We are starting to tinker around with the sky (this one is way too dark). Also, moving around a bunch of locations and adding some new ones.
I'm doing a couple of weeks' worth of serious map organization / reorganization in order to get the game to a point where we can playtest it at pretty much any time, and whoever sits down to play will have a reasonable experience. The game was in this kind of shape back in January, but we had to do a lot of work on game internals in order to get things where they needed to be, interactivity-wise, for the mid-stage of development. Now that most of that stuff is done, it's time to put the world/content back in playable shape; from there, new stuff can be added in a way that continuously fills out the world. Once I feel like the world is "full enough" we can leave the preproduction phase and start going into production (which is where we start caring about what the graphics look like, start seriously doing voice recordings, etc).

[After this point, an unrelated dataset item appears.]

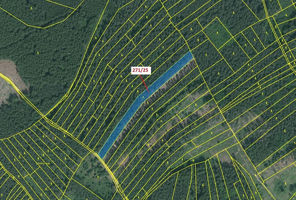 Lesní pozemek o výměře 5 905 m2, parcelní číslo 271/25, podíl 1/1, katastrální území Milavče, obec Milavče, obec s rozšířenou působností Domažlice, okres Domažlice, Plzeňský kraj. Po těžbě.
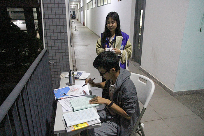 活动当晚,由机械工程学院团委书记罗嘉楠带队,团学干部分批前往目标考研复习室,将精心准备的手写祝福卡片以及印有机械团学吉祥物“胡迪”(谐音无敌)图案的钥匙扣送给正紧张备考的考研学子,寓意我校考研学子在考场上所向“无敌”,载誉而归。

One area I've been working on for the past few days is the start of the game. It is meant to be a semi-guided experience that clues the player into what the game is about. (If you remember the beginning of Braid, it's something like that.) You may have seen the interior of the house (the white building on the left) in earlier blog posts:
The area just outside the house is a constrained path, but very soon the player exits this area and can freely roam an open world.

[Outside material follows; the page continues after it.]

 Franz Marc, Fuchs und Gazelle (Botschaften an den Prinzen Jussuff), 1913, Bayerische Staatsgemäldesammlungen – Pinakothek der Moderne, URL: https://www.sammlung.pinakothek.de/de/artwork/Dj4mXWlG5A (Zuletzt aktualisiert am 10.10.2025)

Most open-world games want to impress you with the hugeness of the world, and the corollary to that is that you spend a lot of time walking / riding / driving between places. The Witness takes the opposite philosophy: it wants the world to be as high-density as possible, just packed full of interesting things. As the island develops, we will be placing areas as close to each other as we can, within constraints. (Braid had a similar high-density philosophy -- though it manifested in a different way -- and many people appreciated that).
i loved that in Braid. the most amount of content in the least amount of time. this “high-density philosophy” makes the game feel packed with alot of content. Braid was 3 hours lond but you could play 15 minutes and feel satisfaction. p.s. is there a way i or a person outside your team could be a tester?
“Most open-world games want to impress you with the hugeness of the world, and the corollary to that is that you spend a lot of time walking / riding / driving between places. The Witness takes the opposite philosophy: it wants the world to be as high-density as possible, just packed full of interesting things. As the island develops, we will be placing areas as close to each other as we can, within constraints. ”
Thank you, that’s shaping up as something I’d love to play. Also I like the idea that you have this place you can roam freely, enjoy the view, solve a puzzle or two at your own pace – without something chasing or fighting you (there won’t be something like that, right? please?) or constraining you in any other way.
Voice recordings?
Isn’t the island supposed to be uninhabited?
Soo… You find audio/video recordings, or is there some sort of narrator?
(or maybe a-la Myst hmm was it IV? Where when you found books, you could read them with voice-overs).
I’m still very curious to see how this will differentiate itself from the Myst series (including the evolutions of the last few offerings) gameplay-wise.
Maybe that’s what makes everyone think of Myst – it and its followers seem to share that “density” philosophy, though probably out of necessity – they didn’t have any room left on the CDs to put anything extra in.
Anyway, does anyone actually know what The Witness is about? Old school puzzles? Playing with some interesting game play mechanic, like the time in Braid? Hms hms hms.
I bet Jon Blow knows what it is about. But he’s not telling. :\
Anyway if I end up liking it as much as Braid, I don’t mind waiting a bit more for the big reveal.
Well, one thing Jon mentioned in one of his lectures is that there are touch panel puzzles in the game. He really didn’t give much more info than that, but he seemed really excited about them, so I’m pretty pumped.
Touch panel? Like gestures?… Hate to compare it to myst again, but like in Myst V? (you had a tablet where you drew things on it and stuff happened).
Exploring game spaces > exploring map spaces
Density was my idea, but you can have it if you like :)
(All right, I stole it from a small game my friend syn9 made called Prompt Critical. More developers need to think of their game play’s utility function.)
I really hope the player can just explore the island and enjoy its beauty. If the world is made to seem at all alive, I would love to simply park my view next to the centre lake (in the shade of a slowly creaking windmill) and watch the wind blow in the reeds, or ripple over the water.
This is the form of simple beauty I feel needs to be put into a fully realized 3D game. If there’s anyone to agree with me, I should expect it to be yourself.
I think this is one of the reasons I love college: it’s an incredibly high-density environment, in every sense (incl. a densely interconnected social graph).